— Directions —
From the records below, print only the part that opens with the line containing "ミルフィオリのガラス棒は横か" and closes with the line containing "Kleur en gebruik"; omit the pictures.

— Listed entries —

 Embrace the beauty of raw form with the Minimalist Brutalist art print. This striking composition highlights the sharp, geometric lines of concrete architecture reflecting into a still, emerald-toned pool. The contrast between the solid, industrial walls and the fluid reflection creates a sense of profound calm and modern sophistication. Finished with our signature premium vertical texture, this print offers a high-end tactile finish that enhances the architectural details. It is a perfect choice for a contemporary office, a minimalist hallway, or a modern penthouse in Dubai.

* * *

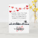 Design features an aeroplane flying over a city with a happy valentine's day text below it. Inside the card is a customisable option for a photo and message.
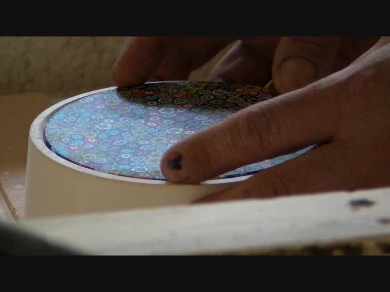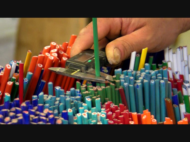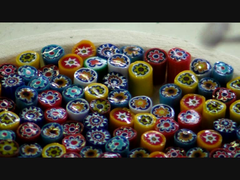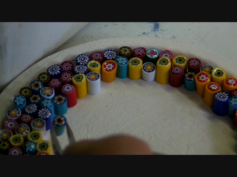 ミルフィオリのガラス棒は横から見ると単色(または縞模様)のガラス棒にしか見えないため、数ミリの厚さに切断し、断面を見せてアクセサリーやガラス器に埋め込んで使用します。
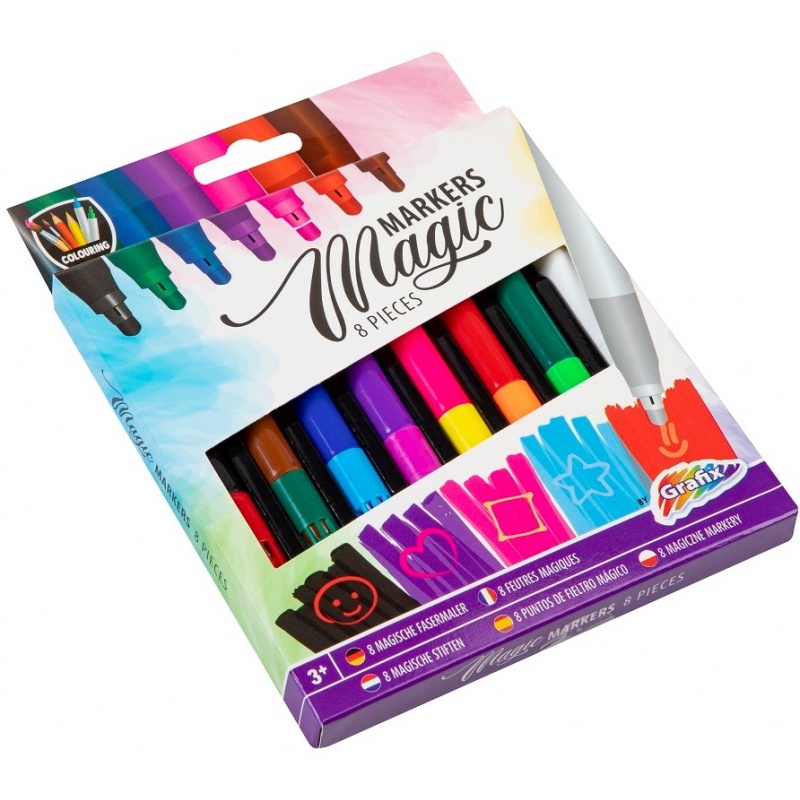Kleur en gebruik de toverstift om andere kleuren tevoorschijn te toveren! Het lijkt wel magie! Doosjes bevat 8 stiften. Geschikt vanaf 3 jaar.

— Exercise output —
 ミルフィオリのガラス棒は横から見ると単色(または縞模様)のガラス棒にしか見えないため、数ミリの厚さに切断し、断面を見せてアクセサリーやガラス器に埋め込んで使用します。
Kleur en gebruik de toverstift om andere kleuren tevoorschijn te toveren! Het lijkt wel magie! Doosjes bevat 8 stiften. Geschikt vanaf 3 jaar.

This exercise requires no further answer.